Want zo voelt dat; hoe aardig een dokter ook kan zijn, je bent natuurlijk nooit gelijkwaardig. Pretendeer dat dan ook niet. Realiseer je dat je als dokter al enorm aanwezig bent in dat uitslagkamertje. Ik voelde me klein, nietig. En dat gevoel werd versterkt door de dokters, die zichzelf nóg meer aanwezig maakten door te vertellen over hun eigen kinderen, hun mening of eigen ervaringen met ellende. Ze slokten mijn energie op, merkte ik. De situatie maakte me egoistisch, op mezelf gericht. De dokters die luisterden, met name naar mijn dochter, daarbij anticiperend op haar vragen, die dokters maakten ruimte voor óns, in dat kamertje.

Die ruimte hadden we allebei nodig. We moesten de controle vinden over een situatie waarin die totaal ontnomen was. Vonden eigenregie in hele kleine deelblokjes van het traject; medisch gezien pietluttige dingetjes, maar voor ons waren ze belangrijk. Ze gaven houvast. En hielpen ons te vertrouwen.

Afronden

Ik ga mijn ervaringen sorteren, in mijn hoofd; gisteren ruimde ik de kerstboom op.
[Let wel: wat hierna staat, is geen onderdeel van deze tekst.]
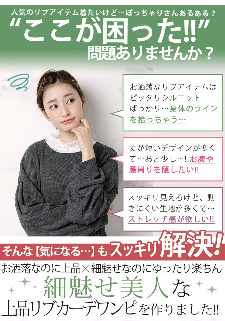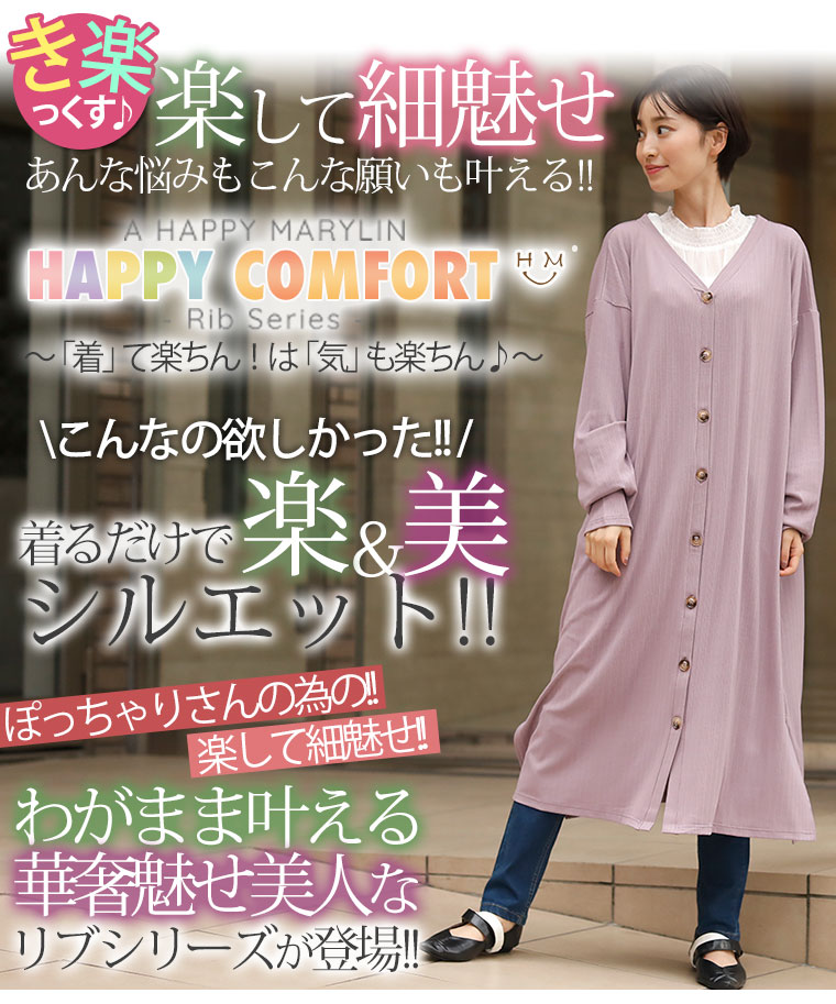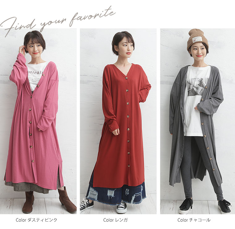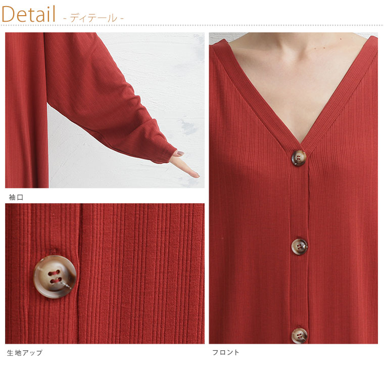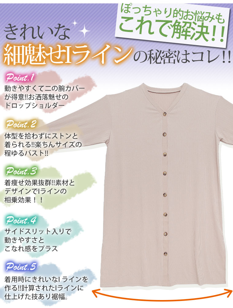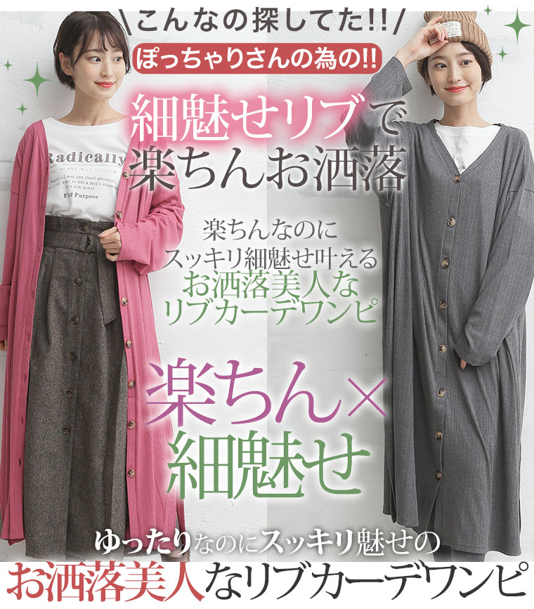 ゆったりなのに細魅せ!き楽っくす リブ2wayボタン付きカーデワンピース
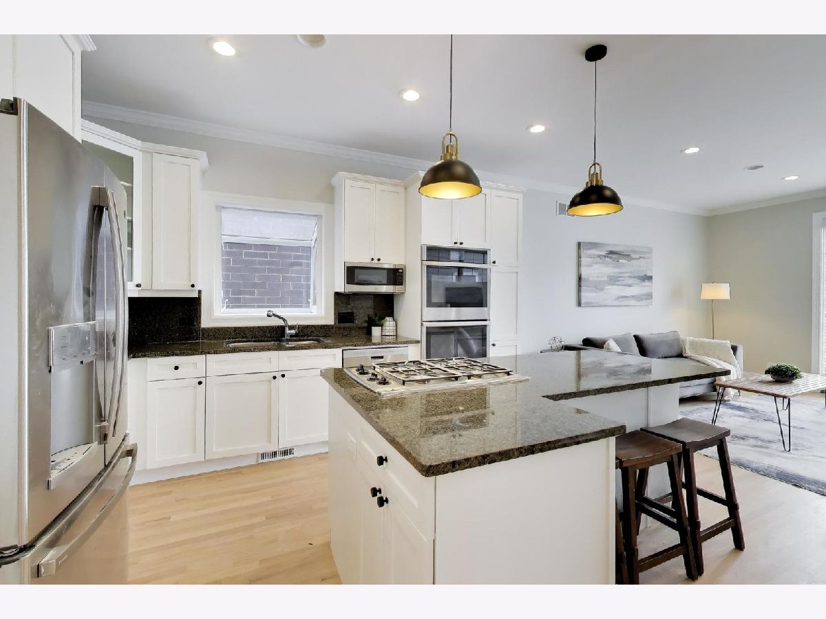 Beautifully updated single-family home in the heart of Roscoe Village, just steps from Hamlin Park and Jahn Elementary School, on a quiet, one-way residential street. This 4-bedroom, 3.1-bath residence offers approximately 3,500 square feet of living space across three finished levels, seamlessly blending modern comfort with timeless appeal. The main level features an open-concept layout with high ceilings, newly refinished hardwood floors, and abundant natural light throughout. The kitchen is thoughtfully appointed with granite countertops, stainless steel appliances, ample cabinetry, generous storage, and a large center island with seating. Open to the dining and living areas, the flow is ideal for gatherings of all sizes. Expansive windows anchor the living space, enhancing warmth and connection throughout the home, while the first of two wood-burning fireplaces with gas starters adds both charm and functionality. Upstairs, the primary suite offers elevated ceilings, oversized windows, recessed lighting, and customized his-and-hers closets. The spa-inspired en-suite bathroom features quartz countertops, dual vanities, a soaking tub, and a walk-in shower. Two additional light-filled bedrooms on this level provide an ideal layout for families, along with a full bath featuring granite countertops and frosted glass block windows for added privacy and natural light. The finished lower level offers exceptional flexibility with a fourth bedroom and full bathroom-perfect as a private guest suite, in-law arrangement, or live-in childcare setup-along with a recreation room complete with a second fireplace, a large storage closet, laundry, and walk-out access. The home is also equipped with two separate furnace/AC systems, including a dedicated system for the bedroom level and also a sump pump, ejector pump, and backup battery system, all replaced in 2021-an uncommon and valuable feature in the area. Outdoor living is a true highlight. A large deck off the kitchen and family room was upgraded in 2024 with maintenance-free Trex decking and includes a dedicated gas line for a grill, making year-round grilling easy and convenient. The fully fenced backyard was upgraded in 2023 with beautiful Unilock stone pavers, creating a spacious patio, along with a turf area beneath the deck that's ideal for pets. Designed for relaxing, dining, and entertaining, the outdoor space feels like a natural extension of the home. Ideally located near local favorites including Hexe Coffee Co., Piazza Bella, Commonwealth Tavern, Beat Kitchen, and Scooter's Frozen Custard. Enjoy easy access to Wrigley Field, the Lakefront, the CTA Brown and Red Lines, Irving Park Road, I-90, and I-94. Nearby recreation includes Hamlin Park, the Fire Pitch Sports Complex, and McFetridge Sports Center. Close to highly regarded public schools including Jahn Elementary and Lane Tech High School. A rare opportunity to own a thoughtfully designed, move-in-ready home in one of Chicago's most beloved and congenial neighborhoods. Schedule your private showing today.

Beelden van ingrijpende gebeurtenissen zijn net als kerstlichtjes; als je nu tijd energie steekt in het organiseren en zorgvuldig opruimen, dan heb je daar op lange termijn veel profijt van; je bespaart jezelf bovendien een boel ellende.

Ik ga me in mijn eigen werk nóg meer bewust zijn van de afhankelijklijkheid, die mensen kunnen ervaren. Nóg meer stil zijn, luisteren en volgen in plaats van invullen. Dat ga ik ook inbouwen in mijn trainingen en lessen.

*wees direct

*wees eerlijk

*geef structuur

*kijk, luister; jij bent de olifant in de kamer!

De afgelopen weken hebben me nederig gemaakt. Dankbaar ook, dat we op een plek op deze Aarde wonen waar goede zorg vanzelfsprekend is. Maar vooral ben ik supertrots. Op een zestienjarige Dame. Die zich met humor en enorm veel moed en kracht door alles heen heeft geknokt!